Introduction: Diabetic retinopathy is one of the chronic complications in patients with diabetes mellitus caused by progressive microangiopathy. Various types of risk factors can affect the occurrence of diabetic retinopathy, one of which is mitochondrial DNA mutations in the tRNAleu A3243G gene that is common in T2DM. This study was conducted with the aim to identify whether the mutation of the tRNAleu A3243G gene acts as a risk factor for diabetic retinopathy in T2DM patients in Bali. Material and Methods: This study used a case control design with 35 T2DM patients with diabetic retinopathy and 35 T2DM patients without diabetic retinopathy.

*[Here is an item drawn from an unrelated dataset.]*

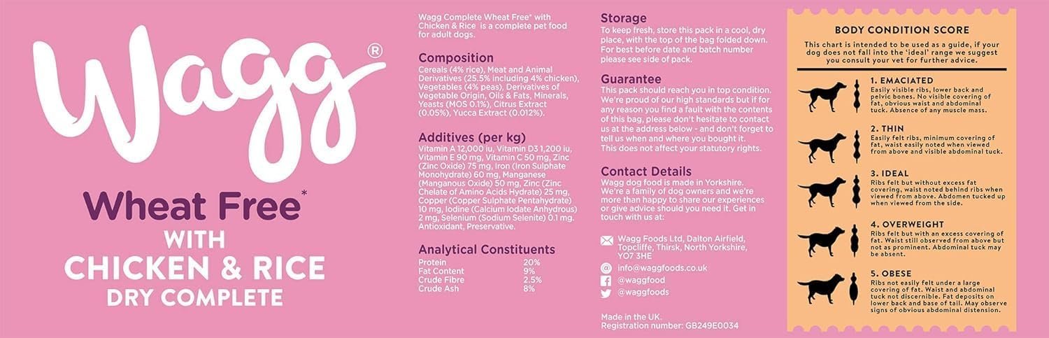 Wagg Wheat Free Complete Dry Adult Dog Food Chicken & Rice 12kg – For Sensitive Stomachs
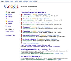Local listings usually displayed when searching for terms which include your local city name (such as Matteson, lawyers or Orland Park, dentist or Tinley Park, plumbing).

The techniques used to identify these mutations are PCR and DNA sequencing. Results: Based on the results obtained, no mutations were found in the tRNAleu A3243G gene in the entire sample. Therefore, the relationship analysis of the two variables cannot be identified. Conclusions: Mutations of the tRNAleu A3243G gene that were not successfully identified in this study can be concluded not play a role as a risk factor for diabetic retinopathy. Keywords: Diabetic Retinopathy, Diabetes Mellitus, tRNAleu Gene Mutation, Mitochondrial DNA.